The drawbacks of classical sigmoid and ReLU activation functions were stated in [6,15, 22]. In order to overcome these limitations modified activations such as GELU, Swish or Mish were proposed [7,14,16,17]. It is well-known [6] that wide range of activation functions is suitable for backpropagation-based learning rules, where only conditions of continuity of activation function /as well as its derivative would be satisfied. But the almost 40 years long practice of the application of backpropagation proves that the choice of the activation function has the significant impact on the behavior of the learning process. Particular activations are good enough for one ML problems and are bad for other ones [6]. This observation has theoretical foundation in famous No Free Lunch Theorem, which, speaking informally, states that “we cannot achieve positive performance on some problems without getting an equal and opposite amount of negative performance on other problems” [6]. Therefore, we would choose activation functions depending on the particular ML problem [20] by using the prior knowledge concerning the problem scope. For example, consider the problem of the approximation of functions with many peaks and rapid multi-level changes [20, 22]. Standard activations are not well appropriate to model such mappings [23]. This makes difficult the learning of NN to solve very common tasks concerning the processing complicated signal transformations, which are not smooth enough or have a fluctuated gradient [17]. Thus, the design of activation functions appropriate in the training of NN for such difficult problems is an important task, as well as its tuning in order to improve the ability of NN to produce more precise predictions.

Multithreshold activation functions (MTAF) provide the one of possible solutions of this problem

[13]. Their use can increase the quality of modeling significantly nonlinear functions. This approach is based on the ability of multithreshold activations to represent more precisely the change of data using numerous levels of discretization by the adaptive tuning of the thresholds.
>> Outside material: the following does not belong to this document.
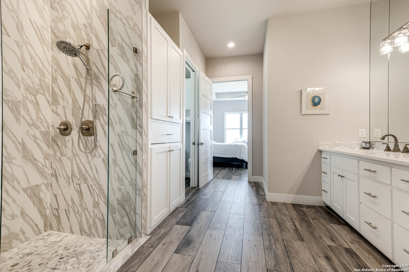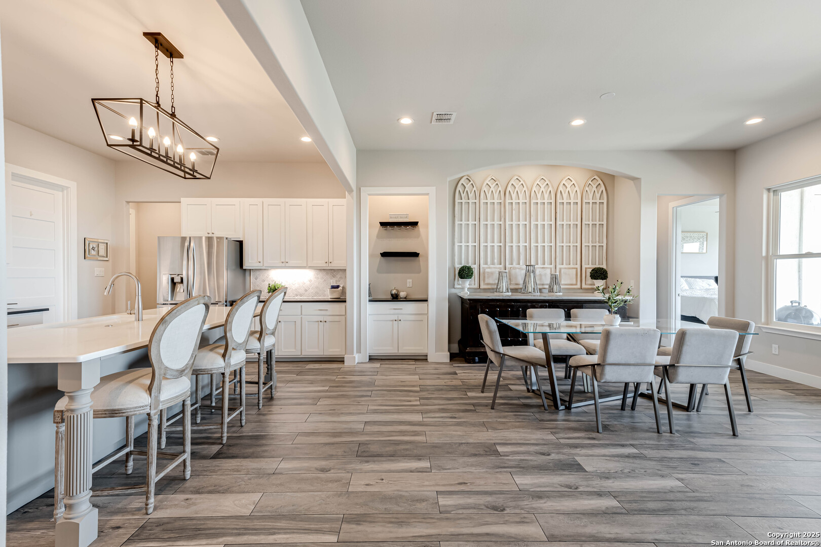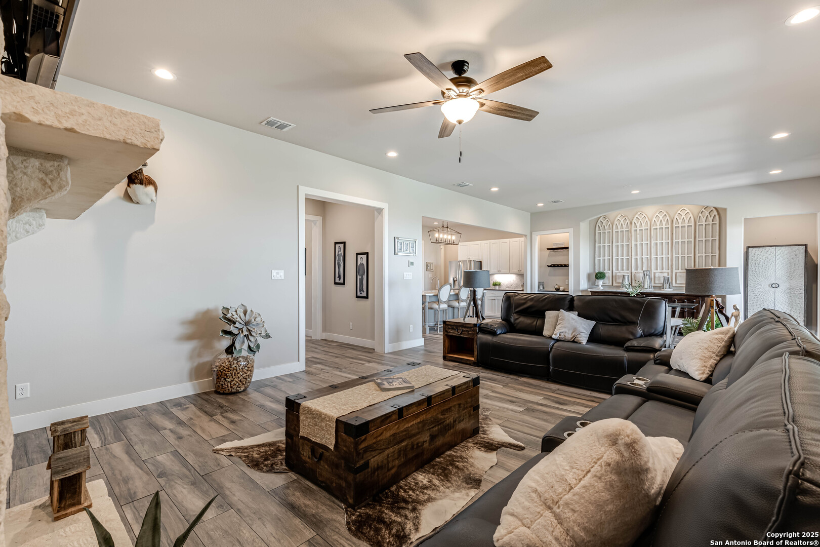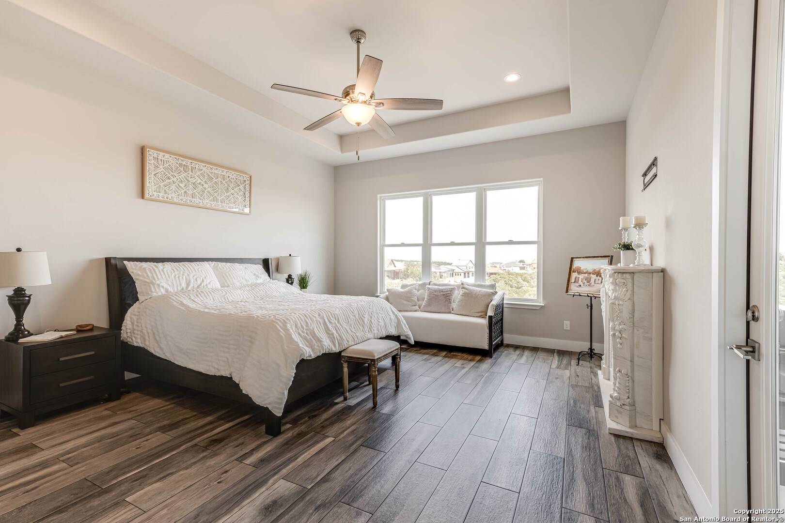 Located within the gated Highlands at Tapatio Springs, this elegant 4-bedroom, 2.5-bath home spans over 2,700 sq ft with classic Texas Hill Country appeal. A handcrafted stone facade sets the scene as you step into a sunlit, open living area where oversized windows frame rolling limestone hills. The gourmet kitchen is designed for both everyday living and entertaining, featuring a sprawling island with built-in seating, a massive walk-in pantry, and a sleek wine display. With plenty of space at the island and in the adjacent dining area, you'll have room for casual breakfasts, dinner parties, and everything in between. The primary suite offers seamless indoor-outdoor living, opening onto a covered patio and delivering a spa-inspired bath complete with dual vanities, a walk-in shower, and a generous closet that connects directly to the laundry room. Outside, an expansive patio flows into a large raised deck, a perfect place for entertaining or peaceful sunset watching with sweeping Hill Country vistas. A two-car garage with dedicated golf-cart space keeps all your gear neatly stored. Highlands residents can join the Tapatio Springs community to enjoy championship golf, tennis courts, a resort-style pool, clubhouse dining, and a cutting-edge fitness center that are all conveniently located just steps from home or a short golf-cart ride away.

It allows to process properly discrete patterns as well as to enhance the efficiency of the network learning [8].

Models of MTAF were proposed in early works devoted to the application of threshold logic in pattern recognition as a more powerful alternative for Heaviside step function (bibliographical and historical remarks can be found in [13]). Capabilities of multithreshold neuron (MTN) were studied in [20] and [21]. The learning algorithm for multi-valued MTN was proposed in [8]. MTN-based NN architectures were introduced in [13, 19]. The synthesis algorithm for MTN-based classifier was proposed in [21]. The application of bithreshold neurons with the binary outputs in pattern recognition was studied in [21,23]. Deeper hybrid NN architectures with heterogenous hidden layers were proposed in [18]. The synthesis procedure for MTN-based NN considered in [21]. It should be noted that only discrete activation functions were used in all above-mentioned multithreshold units and

NN. Thus, they are almost not applicable for problems dealing with the approximation of general

real-valued functions. As it is stated in [24], the application of multithreshold models in the solution of regression problems was unknown. The reference [25] gives the first example of the use of multithreshold approach in the design of a bithreshold NN regressor. As mentioned in [10], this model of NN regressor can be extended to the case of an arbitrary number of thresholds.
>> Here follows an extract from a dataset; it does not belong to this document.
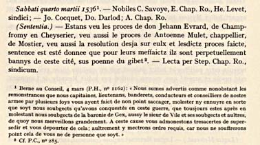 On sait que c'est en 1536 que Calvin est appelé à aider à la réforme de l'église à Genève. Or, cette même année, suite à des procès, un Jean Evrard de Champfromier [CI-11905], portant de le titre de "Dom" et donc religieux (bénédictin ?) semble déjà subir les conséquences du choix de sa religion, ou entrer dans les justificatifs de la Réforme pour cause de comportement dégradé, en étant banni à vie de Genève, sous peine de gibet !

All known examples of the multithreshold approach in neural computation concerns only neural units and networks employing discrete-valued activation functions. The disadvantage of such activation is that the modern optimization algorithms based on the use of gradient vector of the network error function are not applicable in the case of such MTAF. The main goal of current research is the extension of multithreshold approach to the case of continuous differentiable activation functions. This allows to employ the backpropagation-like training techniques to the learning of MTNbased NN. The combination of MTAF and sigmoid smoothing shall be used in order to combine the advantages provided by the power of multithreshold approach as well as the effectiveness of the gradient descent optimization.

2. Models and methods 2.1. Model of neural unit with a smoothed multithreshold activation function 2.1.1. Definition of smoothed multithreshold activation function

Let t  t1,t2 ,,tk  be a k-dimensional real vector of strictly increasing thresholds: t1  t2    tk , v  v0 ,v1,, vk   Rk1 be an arbitrary value vector. Consider a discrete-valued function v0 ,

if x  t1, v1, if t1  x  t2 ,  gt,v  x    vk1, if tk1  x  tk , vk , if x  tk .
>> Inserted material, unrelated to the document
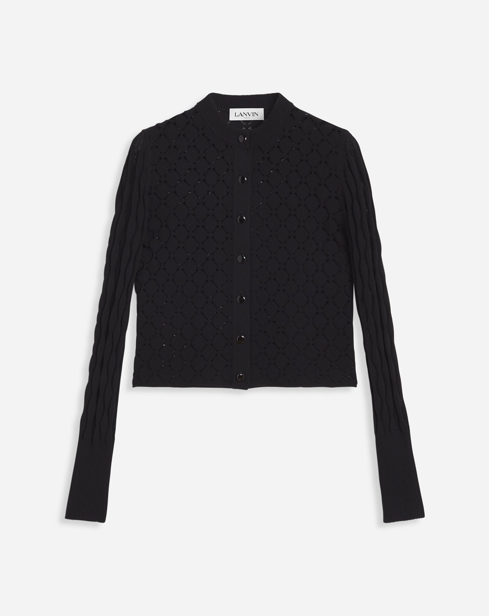 This cardigan enhances the feminine silhouette and can be worn as an ensemble with the matching tank top. The sophisticated knit creates a lace effect, with two different motifs for the body and arms. This very light material is also easy to care for. Details - Close-fitting round-neck cardigan - Slim fit and long sleeves - Two motifs in fine viscose lace knit - Tone-on-tone button fastening - Made in Turkey Size & fit - For more information, please see our size guide. Composition - Main fabric : 67% viscose knitted, 33% polyester knitted SKU: RW-CA0015-K024-P2410S

Step function (1) is well suitable to approximate different nonlinear dependencies. It should be noted

that in the case v  0,1,, k  gt,v  x reduces to the activation function of multi-valued k-threshold neural unit [20], whereas in the case v0  v2    v2[k/2]  0, v1  v3    v2[(k1)/2]1  1 (where the floor function [x] denotes the integer part of the number x) (1) becomes the activation function binary-valued k-threshold neuron. Nevertheless, it is possible to use (1) as activation function and, thus, to treat it as MTAF.

The most significant property of MTAF (1) is its discreteness. Therefore, MTAF (1) cannot be

employed in mode network architectures for which continuous activations are required in order to maintain the gradient-based learning techniques. This drawback of (1) it is caused by zero value of the derivative of MTAF (1) (moreover, gt,v  x is even undefined, if x {t1,t2 ,,tk } ). Consequently, backpropagation approach to the training is not directly applicable to NN containing nodes with such MTAF, because zero value of gradient vector makes weight changes impossible.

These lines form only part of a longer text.